WHAT IS EXPECTED
Transcribe all of the data exactly. Images stay out.

════

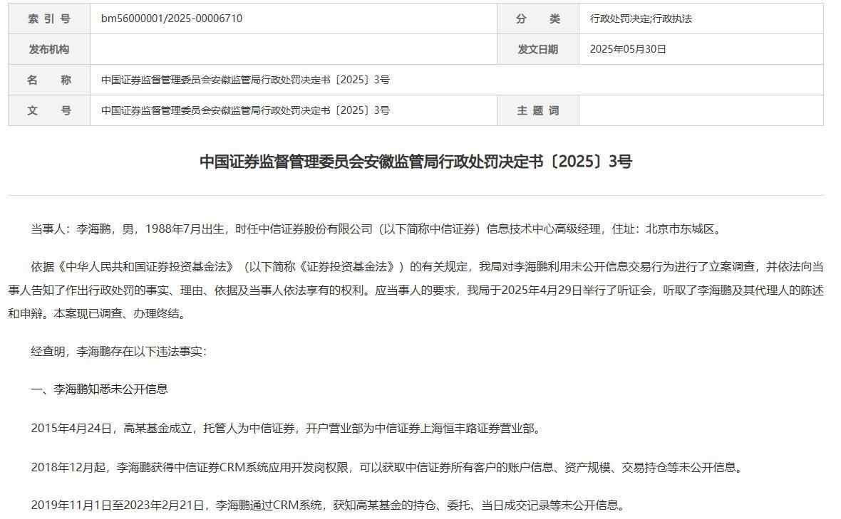 据安徽证监局查明,2015年4月24日,高某基金成立,托管人为中信证券,开户营业部为中信证券上海恒丰路证券营业部。2018年12月起,李海鹏获得中信证券CRM系统应用开发岗权限,可以获取中信证券所有客户的账户信息、资产规模、交易持仓等未公开信息。
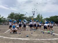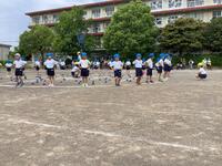 3年生の体育の授業の様子です。運動会で3年生が行う団体競技「巻き起こせ!山田小トルネード」の練習に取り組んでいました。
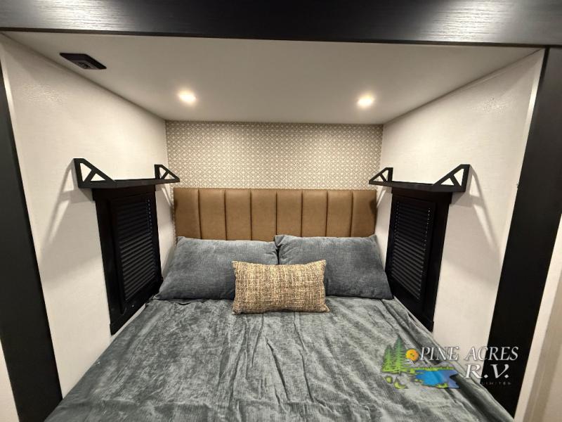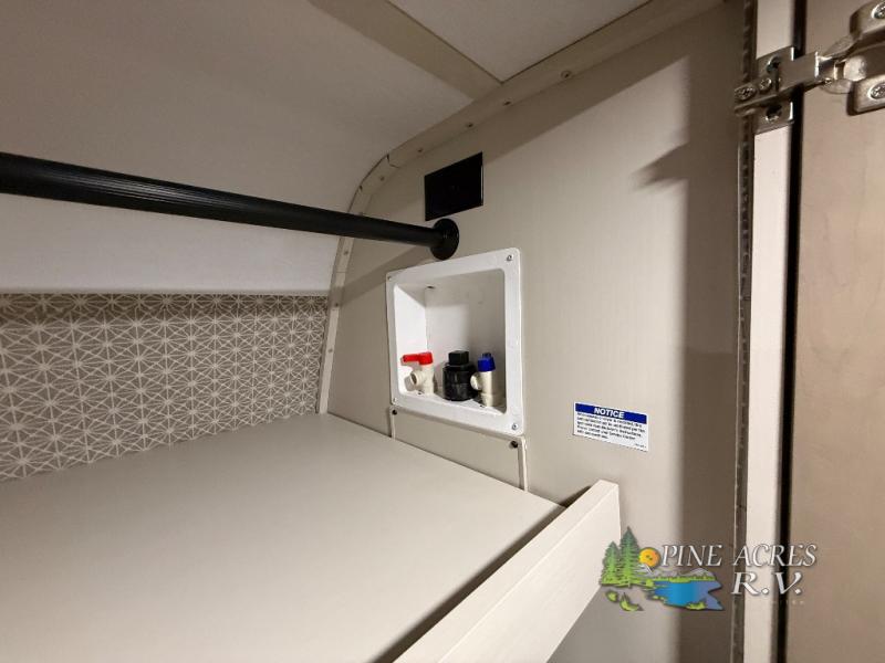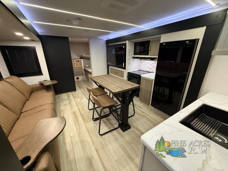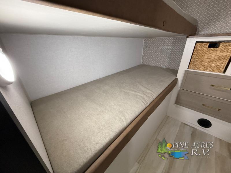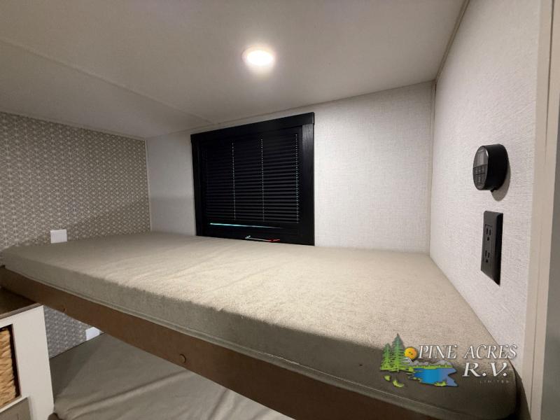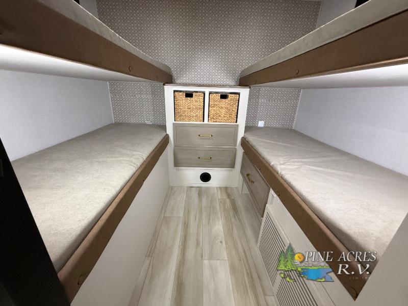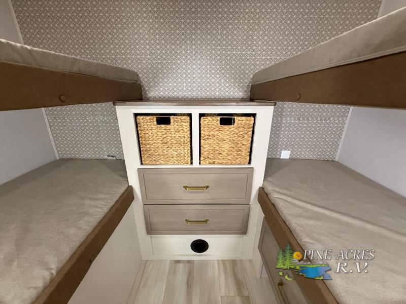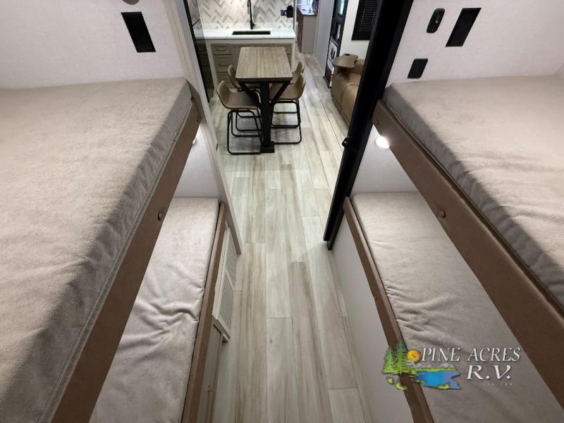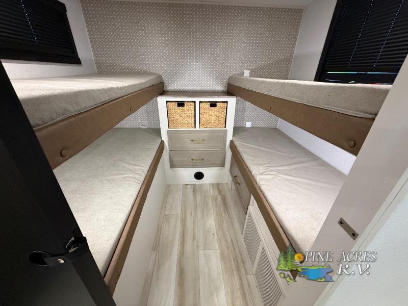 This is the perfect travel trailer if you enjoy camping with a larger group! The rear private bunkhouse includes four bunk beds plus a dresser to keep this space tidy. You'll have the queen bed slide out in the front bedroom all to yourselves, along with a dresser and an ottoman, plus a front wardrobe with washer/dryer prep. Everyone can meet in the combined kitchen and living area that includes spacious theater seating, a kitchen island with four chairs, full kitchen amenities, and dual opposing slides for more space!
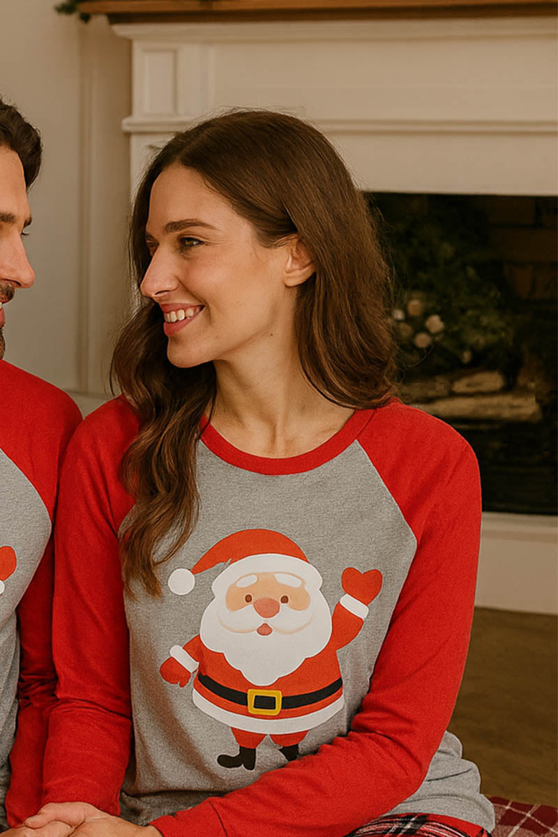 Pigiama donna in caldo cotone con maniche raglan, stampa e pantalone scozzese
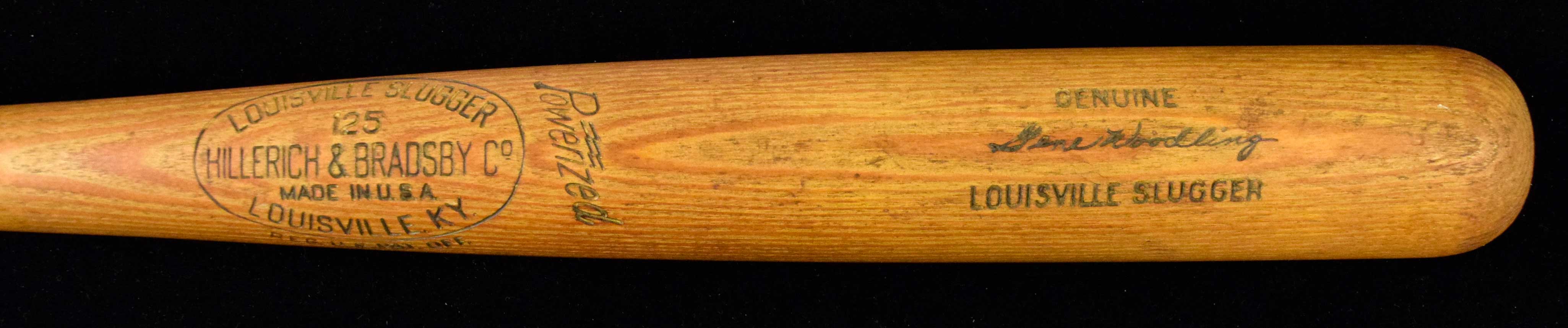 Description:Gene Woodling professional model baseball bat c.1950s (EX) Louisville Slugger 125 model bat with Wooling facsimile signature in the barrel measures 35" and has model number "M110" stamped in the knob. Mild use and some general surface wear (including divots on the back of the barrel) along with an upper handle crack: EX
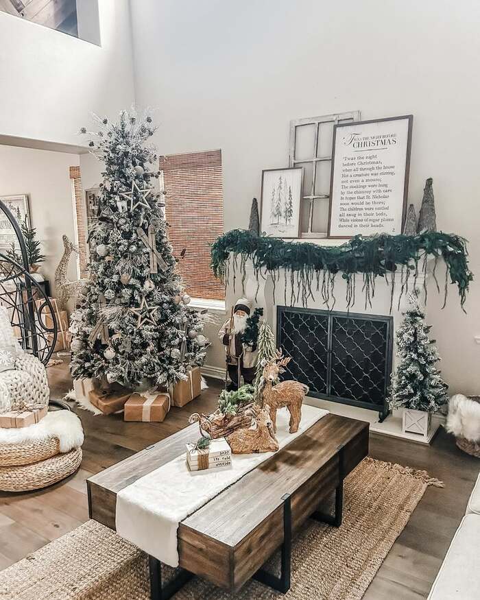 Our last room goes soft and snowy with a flocked tree, white garland, and sun-washed woods. The fireplace is simple, and the wreath above the round mirror is everything. It’s calm, which might be the real gift. Rustic christmas decor does not always mean dark wood and plaid. Sometimes it’s space to breathe.
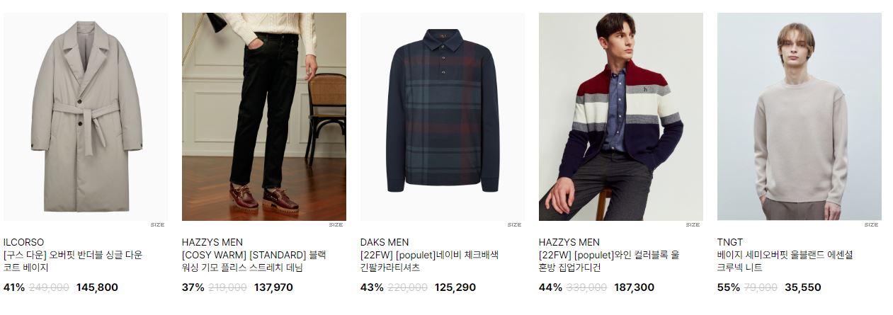 할인 품목 : 코트, 점퍼, 가방, 신발 등
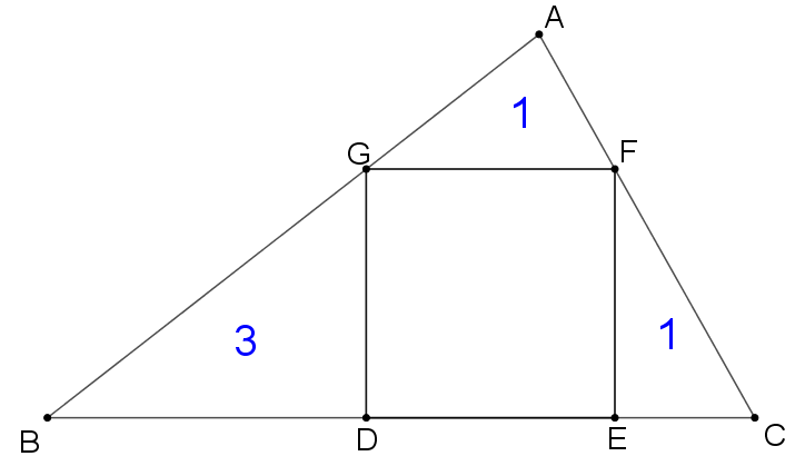 如图,△ABC内接正方形DEFG,△AGF、△FEC、△BDG的面积分别是1、1、3,则正方形DEFG的边长为 _
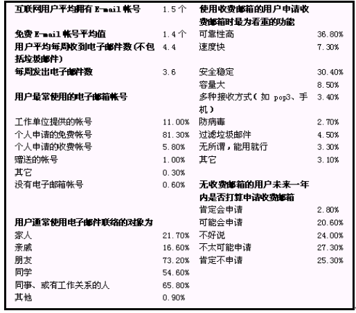 根據(jù)中國互聯(lián)網(wǎng)信息中心的調(diào)查顯示,中國現(xiàn)有9400萬互聯(lián)網(wǎng)用戶, 用戶最經(jīng)常使用的網(wǎng)絡(luò)服務(wù)和功能是電子郵箱:占85.6%。
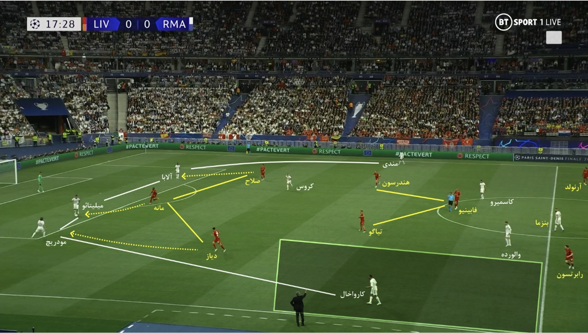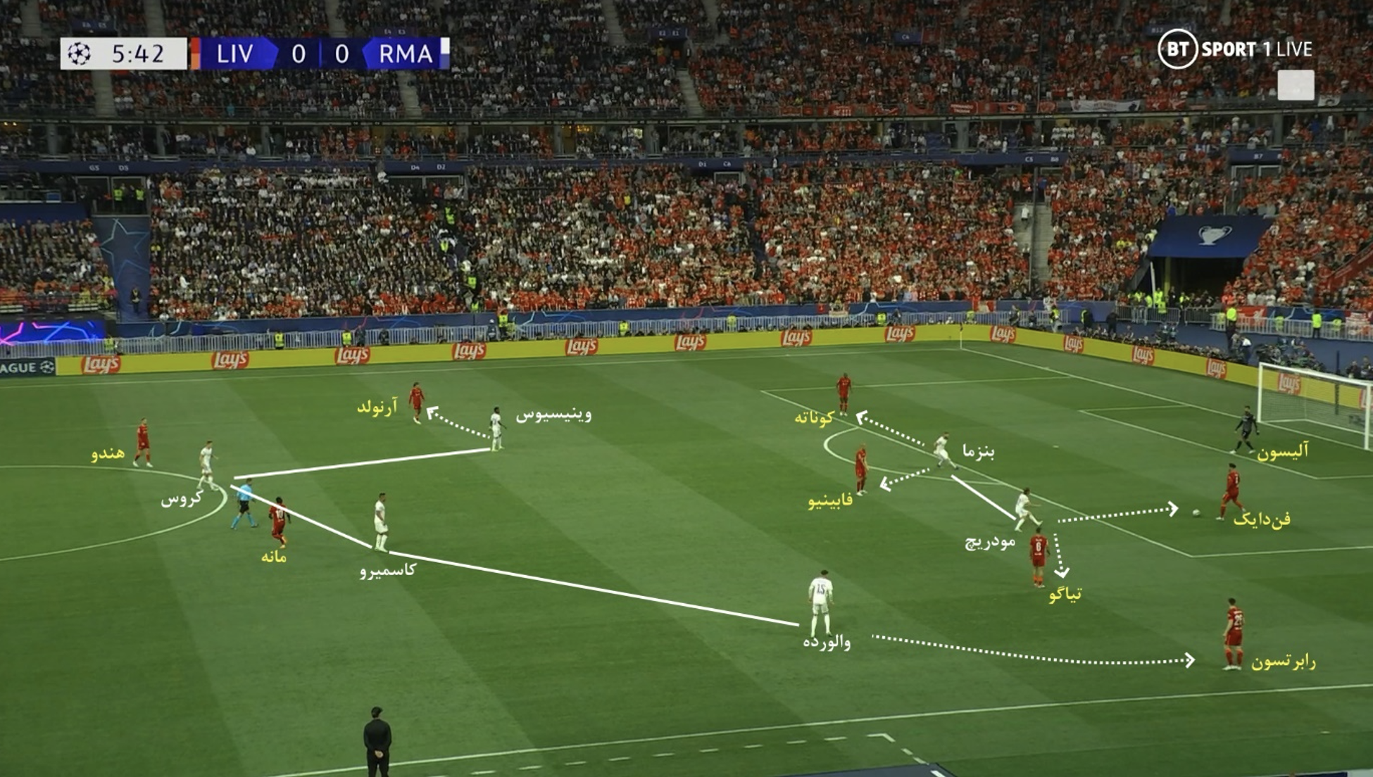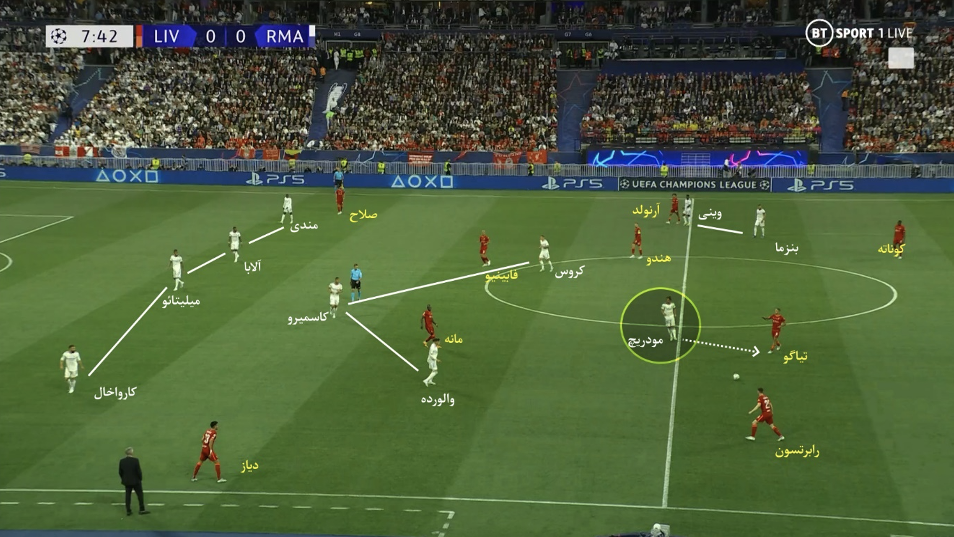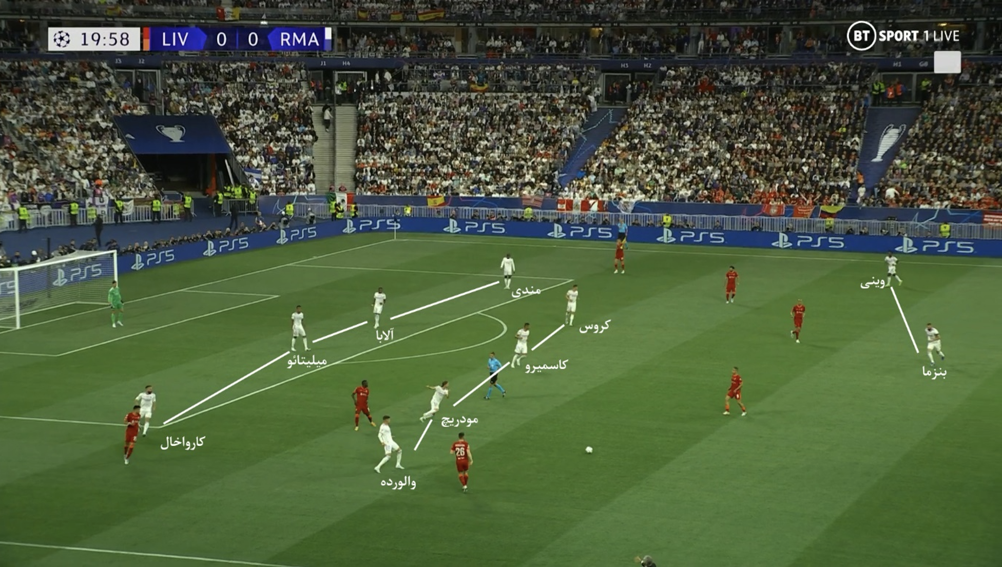 بنا به آنچه در تصویر بالا مشاهده میکنید، مودریچ با عقبروی به خط اول ساختبازی اضافه شده و با دو مدافع میانی رئال یک خط عریض 3 نفره را تشکیل داده تا مدافعان کناری بیپروا بالا بیایند و با عریض کردن زمین بازی، فشردگی و تراکم دفاع لیورپول را به چالش بکشند. در میانهی زمین کاسمیرو با قرارگیری استادانه بین مدافعان و هافبکان لیورپول آنها را وادار به تعلل در اقدام پرس همهجانبه میکند و متعاقبا منجر به واگرایی حرکاتشان نسبت به نقطه مرجع (توپ) میشود تا تیم برای حفط انسجام واحد دفاعی به عقب هل داده شود (Push the Press).

════

ANSWER FOR THE TASK
 据安徽证监局查明,2015年4月24日,高某基金成立,托管人为中信证券,开户营业部为中信证券上海恒丰路证券营业部。2018年12月起,李海鹏获得中信证券CRM系统应用开发岗权限,可以获取中信证券所有客户的账户信息、资产规模、交易持仓等未公开信息。
 3年生の体育の授業の様子です。運動会で3年生が行う団体競技「巻き起こせ!山田小トルネード」の練習に取り組んでいました。
 This is the perfect travel trailer if you enjoy camping with a larger group! The rear private bunkhouse includes four bunk beds plus a dresser to keep this space tidy. You'll have the queen bed slide out in the front bedroom all to yourselves, along with a dresser and an ottoman, plus a front wardrobe with washer/dryer prep. Everyone can meet in the combined kitchen and living area that includes spacious theater seating, a kitchen island with four chairs, full kitchen amenities, and dual opposing slides for more space!
 Pigiama donna in caldo cotone con maniche raglan, stampa e pantalone scozzese
 Description:Gene Woodling professional model baseball bat c.1950s (EX) Louisville Slugger 125 model bat with Wooling facsimile signature in the barrel measures 35" and has model number "M110" stamped in the knob. Mild use and some general surface wear (including divots on the back of the barrel) along with an upper handle crack: EX
 Our last room goes soft and snowy with a flocked tree, white garland, and sun-washed woods. The fireplace is simple, and the wreath above the round mirror is everything. It’s calm, which might be the real gift. Rustic christmas decor does not always mean dark wood and plaid. Sometimes it’s space to breathe.
 할인 품목 : 코트, 점퍼, 가방, 신발 등
 如图,△ABC内接正方形DEFG,△AGF、△FEC、△BDG的面积分别是1、1、3,则正方形DEFG的边长为 _
 根據(jù)中國互聯(lián)網(wǎng)信息中心的調(diào)查顯示,中國現(xiàn)有9400萬互聯(lián)網(wǎng)用戶, 用戶最經(jīng)常使用的網(wǎng)絡(luò)服務(wù)和功能是電子郵箱:占85.6%。
 بنا به آنچه در تصویر بالا مشاهده میکنید، مودریچ با عقبروی به خط اول ساختبازی اضافه شده و با دو مدافع میانی رئال یک خط عریض 3 نفره را تشکیل داده تا مدافعان کناری بیپروا بالا بیایند و با عریض کردن زمین بازی، فشردگی و تراکم دفاع لیورپول را به چالش بکشند. در میانهی زمین کاسمیرو با قرارگیری استادانه بین مدافعان و هافبکان لیورپول آنها را وادار به تعلل در اقدام پرس همهجانبه میکند و متعاقبا منجر به واگرایی حرکاتشان نسبت به نقطه مرجع (توپ) میشود تا تیم برای حفط انسجام واحد دفاعی به عقب هل داده شود (Push the Press).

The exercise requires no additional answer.